The absence of basic equipments such as CT scan, radiology machines and many others used in the diagnoses or treatment of major diseases, have led many to ask whether the hospital shouldn’t in fact be downgraded to an ordinary level hospital.
This week, Wilfred Murumba, Dr. Kizza Besigye’s lawyer died at Mulago due to a two-day delay that arose from doctors mixing up the patient’s blood samples. Dr. Kizza Besigye called for an overhaul of the country’s health system.
But others believe the problem is not just with Mulago or other state-run health centres, but rather with the Ugandan population that continues to support a government that has relegated the health of Ugandans.

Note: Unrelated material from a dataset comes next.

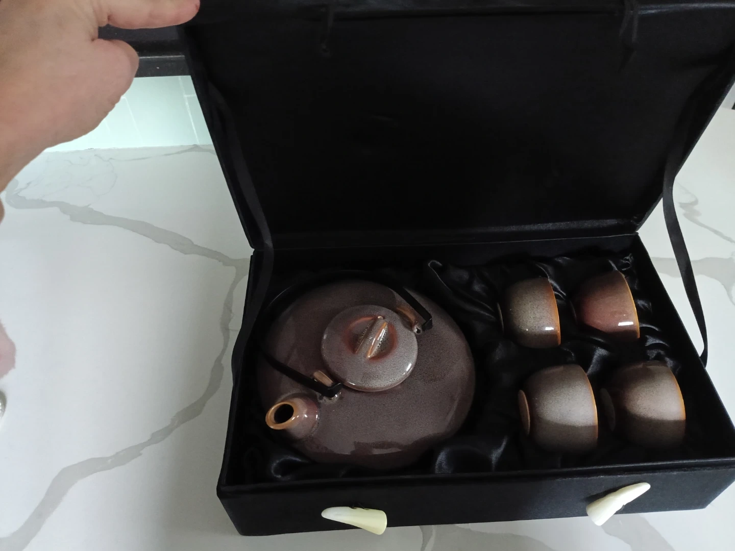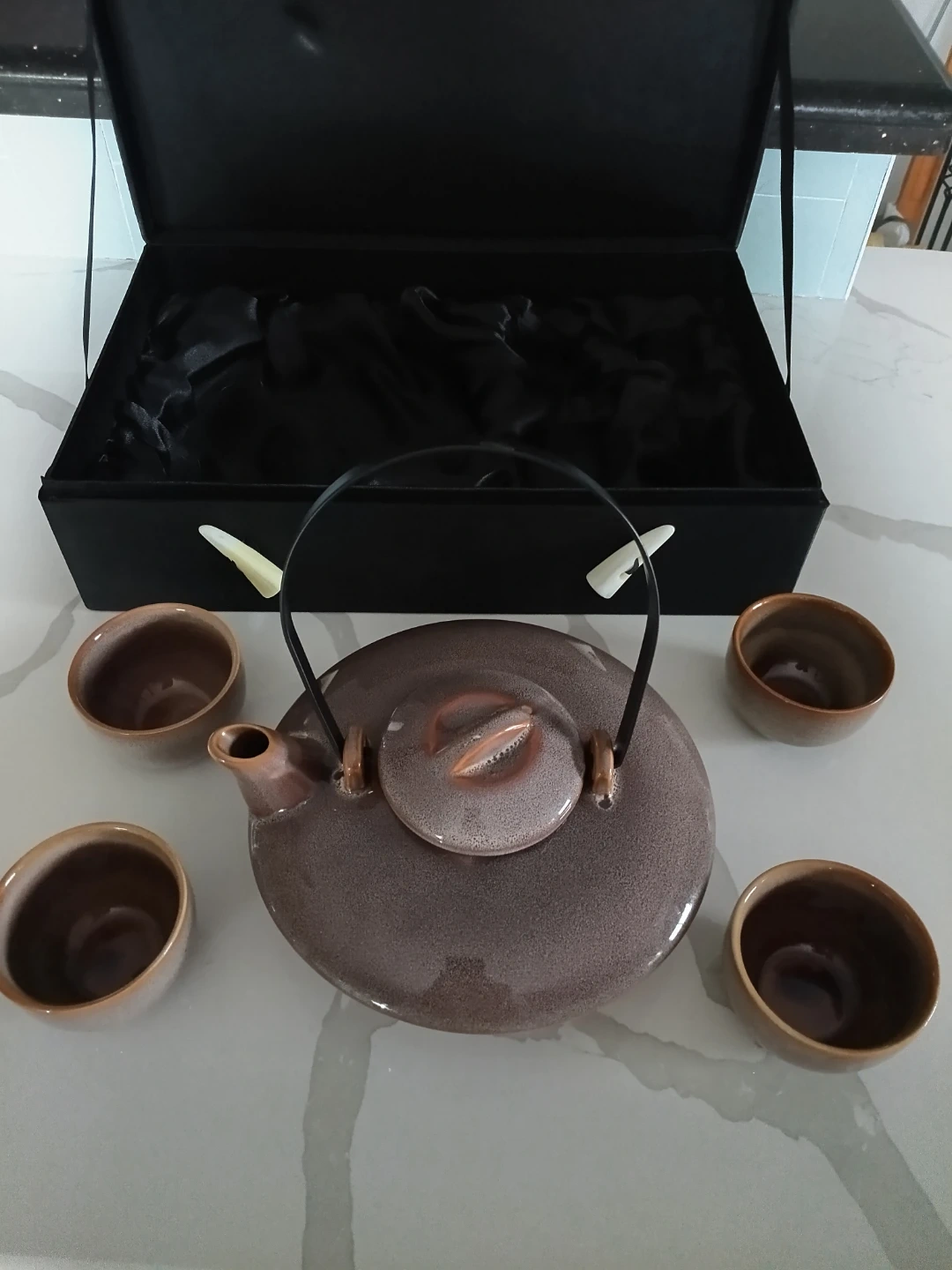 This is a Rhino 5-piece tea set, including one teapot and four cups. It comes with a metal tea strainer and is presented in a stylish black gift box. Made in China.

Dr. Lulume Bayiga, the shadow minister for health and Buikwe County South MP says that Mulago’s ‘absurd’ situation is acknowledged by many Ugandans including ministry of health officials.
“We have talked and talked about Mulago’s decay and the government now accepts this fact. Unfortunately, the government is not willing to offer solutions,” Bayiga adds: “The proposed reduction in the health budget in the coming financial year from 8% to 6.7% of the total budget allocation is further indication that health is not a priority for government.”
But Bayiga argues that rather than blaming the government, he blames the Ugandan population that continues to tolerate poor service delivery.
“The news is not the decay but the lack of outrage from the population. How can people keep quiet about a dysfunctional healthcare system?” asked Bayiga.
A number of observers compare problems in the public education sector, especially in Universal Primary Education to those in the health sector, only that death is the sad outcome of a dead healthcare system.
The government continues to resist findings that call for a radical shift from free-for-all approach to a cost-sharing arrangement in the health sector. According to Bayiga, Ugandans are already paying above 65% of the total expenditure on health, from their own pockets.
Bayiga argues that the continuing collapse of facilities and ebbing morale among healthcare workers at Mulago and several other government health institutions is a consequence of that government denial but more importantly perhaps, the public’s willingness to live with it.